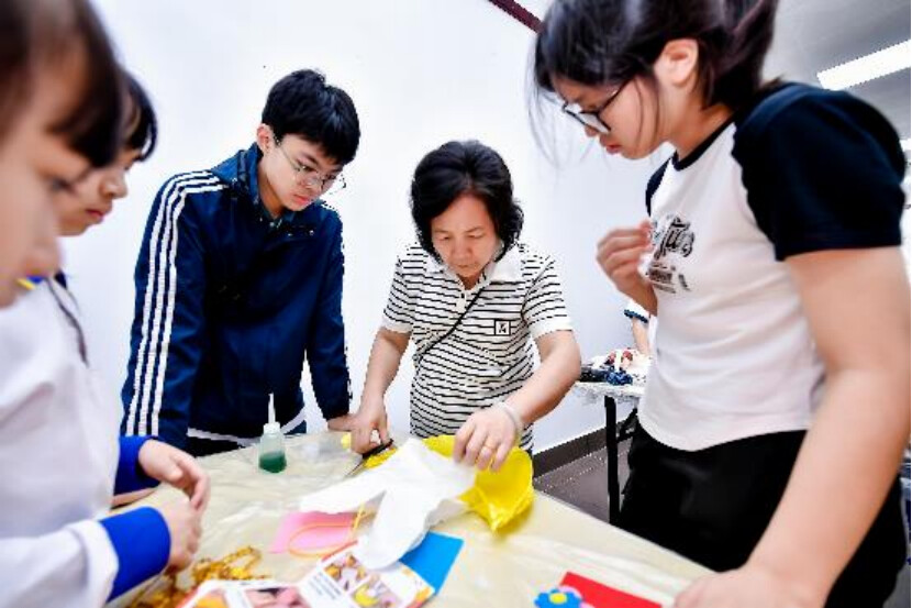 Under the careful guidance of experienced Foshan lantern art inheritors of intangible cultural heritage, young volunteers at the event worked together in teams, with some applying glue to attach colored cloth to the frames, while others ensured smooth adhesion. They meticulously trimmed excess fabric, adorned and reinforced the edges with golden thread, and added various decorative elements according to their preferences, making the lanterns even more vibrant.
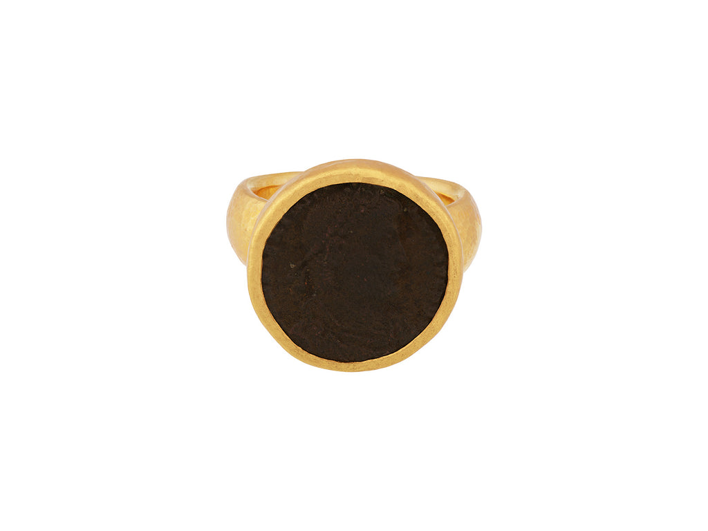 A rare Roman Imperial coin becomes the centerpiece of this one of a kind 24K gold ring. Framed in rich, hand-worked gold and set on a graduated shank, its 16 mm artifact radiates historic depth and quiet grandeur. A timeless fusion of antiquity and craftsmanship, designed for those who appreciate objects with a story. Size 6.5.
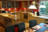 Supergut eingerichtet. Wir hatten das ganze Haus für uns. Hund durfte auch mit. Sehr nette Wirtin, freundliche Zimmer, jedes mit eigenem Duschbad/WC, viele mit Balkon, gut ausgestattete Küchen in jeder Etage. Der Gruppenraum war ideal für gemeinsames Essen, Spielen und Feiern. Überdachte Eingangsterasse. Gerne wieder.
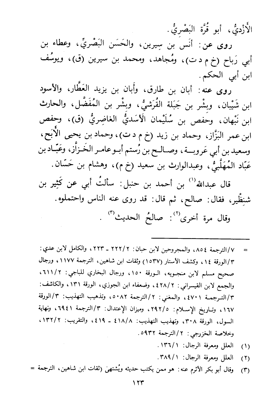 = 7 / الترجمة 854، والمجروحين لابن حبان: 2 / 222 - 223، والكامل لابن عدي: 3 / الورقة 14، وكشف الاستار (1537) وثقات ابن شاهين، والترجمة 1177، ورجال صحيح مسلم لابن منجويه، الورقة 150، ورجال البخاري للباجي: 2 / 611، والجمع لابن القيسراني: 2 / 428، وضعفاء ابن الجوزي، الورقة 131، والكاشف: 3 / الترجمة 4701، والمغني: 2 / الترجمة 5082، وتذهيب التهذيب: 3 / الورقة 167، وتاريخ الاسلام: 5 / 292، وميزان الاعتدال: 3 / الترجمة 6941، ونهاية السول، الورقة 308، وتهذيب التهذيب: 8 / 418 - 419، والتقريب: 2 / 132، وخلاصة الخزرجي: 2 / الترجمة 5932.
__________
■ PROBLEM TO WORK ON ■
Repeat each line of the material exactly, please, and skip every picture.

■ OUTPUT FOR THIS EXERCISE ■
 Under the careful guidance of experienced Foshan lantern art inheritors of intangible cultural heritage, young volunteers at the event worked together in teams, with some applying glue to attach colored cloth to the frames, while others ensured smooth adhesion. They meticulously trimmed excess fabric, adorned and reinforced the edges with golden thread, and added various decorative elements according to their preferences, making the lanterns even more vibrant.
 A rare Roman Imperial coin becomes the centerpiece of this one of a kind 24K gold ring. Framed in rich, hand-worked gold and set on a graduated shank, its 16 mm artifact radiates historic depth and quiet grandeur. A timeless fusion of antiquity and craftsmanship, designed for those who appreciate objects with a story. Size 6.5.
 Supergut eingerichtet. Wir hatten das ganze Haus für uns. Hund durfte auch mit. Sehr nette Wirtin, freundliche Zimmer, jedes mit eigenem Duschbad/WC, viele mit Balkon, gut ausgestattete Küchen in jeder Etage. Der Gruppenraum war ideal für gemeinsames Essen, Spielen und Feiern. Überdachte Eingangsterasse. Gerne wieder.
 = 7 / الترجمة 854، والمجروحين لابن حبان: 2 / 222 - 223، والكامل لابن عدي: 3 / الورقة 14، وكشف الاستار (1537) وثقات ابن شاهين، والترجمة 1177، ورجال صحيح مسلم لابن منجويه، الورقة 150، ورجال البخاري للباجي: 2 / 611، والجمع لابن القيسراني: 2 / 428، وضعفاء ابن الجوزي، الورقة 131، والكاشف: 3 / الترجمة 4701، والمغني: 2 / الترجمة 5082، وتذهيب التهذيب: 3 / الورقة 167، وتاريخ الاسلام: 5 / 292، وميزان الاعتدال: 3 / الترجمة 6941، ونهاية السول، الورقة 308، وتهذيب التهذيب: 8 / 418 - 419، والتقريب: 2 / 132، وخلاصة الخزرجي: 2 / الترجمة 5932.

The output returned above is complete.